Support localization by extending the SRFI_109 syntax, in the manner of (and compatible with) GNU gettext. I.e. optionally specify a localization key (to use as an index in the translation database); if there is no key specified, default to using the literal parts of the string.

Data binding

Implement a “bind” mechanism similar to that of JavaFX Script. The idea is that when you initialize a variable or field, instead of initializing it to a fixed value, you bind it to an expression depending on other variables. We install “listeners” on those variables, so when those variables change, we update the bound variable. This feature is useful in many applications, but the initial focus could be GUI programming and perhaps web programming.

Decimal arithmetic and repeated decimals

(GSoC. Possibly a bit light for a full Summer project, but can be extended or combined with other projects.)

Exact decimal arithmetic is a variation of exact rational arithmetic, but may be more user-friendly. In particular, printing using decimals is generally nicer than fractions. It is also sometimes useful to specify an explicit scale, so we can distinguish 0.2 from 0.20. We can use the Java BigDecimal class, but run into problems with division - for example (/ 1.0 3.0). We should implement a subclass of RatNum that generalizes BigDecimal to also handle repeating decimals. We need a lexical syntax for repeating decimals. Possible ideas: 0._81_ or 0.#81. If a Scheme number literal is specified as exact and has either a decimal point or an exponent (for example #e1.25), then it should read as an exact decimal, not a fraction.

Optional strict typing along with an explicit dynamic type

(GSoC)

Kawa currently implements “optimistic” typing: The compiler only complains if an expression has no values in common with the target type - for example, if assigning a string expression to an integer variable. It would be interesting to experiment with a --strict-typing option (which would never be the default): Strict typing would only allow “widening” conversions - i.e. that the expression type be a subtype of the target type. For example it would complain if assigning a number to an integer unless you used an explicit cast.

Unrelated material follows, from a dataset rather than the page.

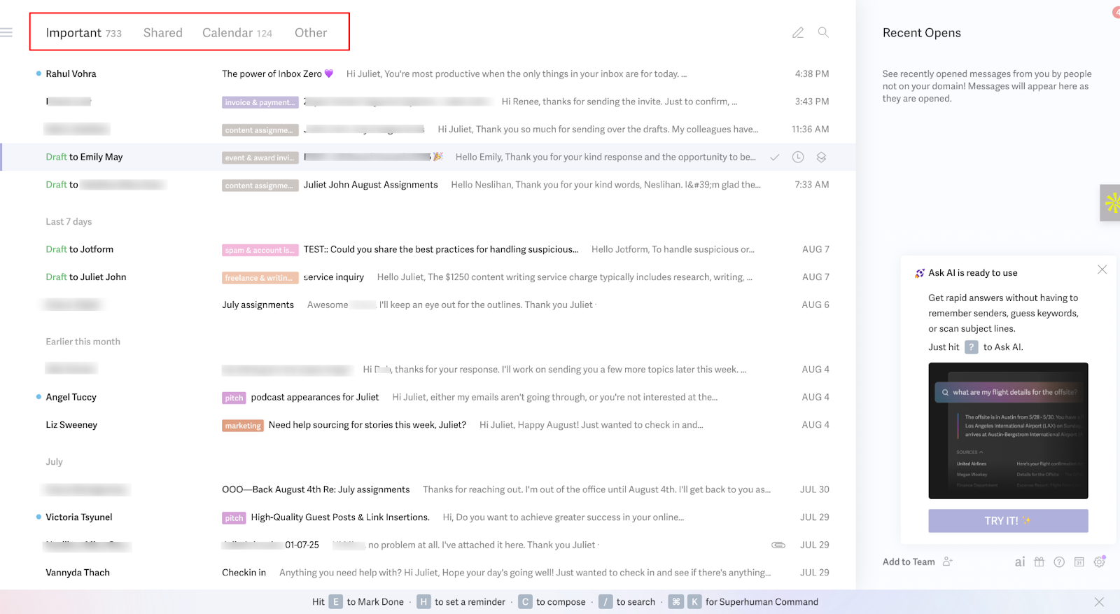 Superhuman earned a spot on this list for its comprehensive suite of AI features that help you save hours every week on email workflows. One of its top features is how it organizes your emails, beginning with Split Inbox. Split Inbox categorizes emails into designated sections such as “important,” “calendar,” and “other” and then routes incoming emails into their corresponding inboxes to minimize distractions and improve your focus. It also automatically labels emails with context-specific labels that make it easy for you to know what’s in each email before you even read it. Want to stop promotional emails, pitches, and newsletters from cluttering your inbox? The email assistant makes that easy with auto-archive, so you don’t have to see them at all.

To make this easier to work with we’d make use of the dynamic type, similar to what C# does: Any expression can be converted to or from dynamic without the compiler complaining. Similarly, if x is dynamic then x:name is allowed by the compiler regardless of name, with all checking being deferred to run-time. If a variable is declared without a type, it should default to dynamic. The dynamic type is represented in the VM as object but with an annotation (like we do with character).

The type-checker might need some changes to better distinguish implicit conversions from explicit casts.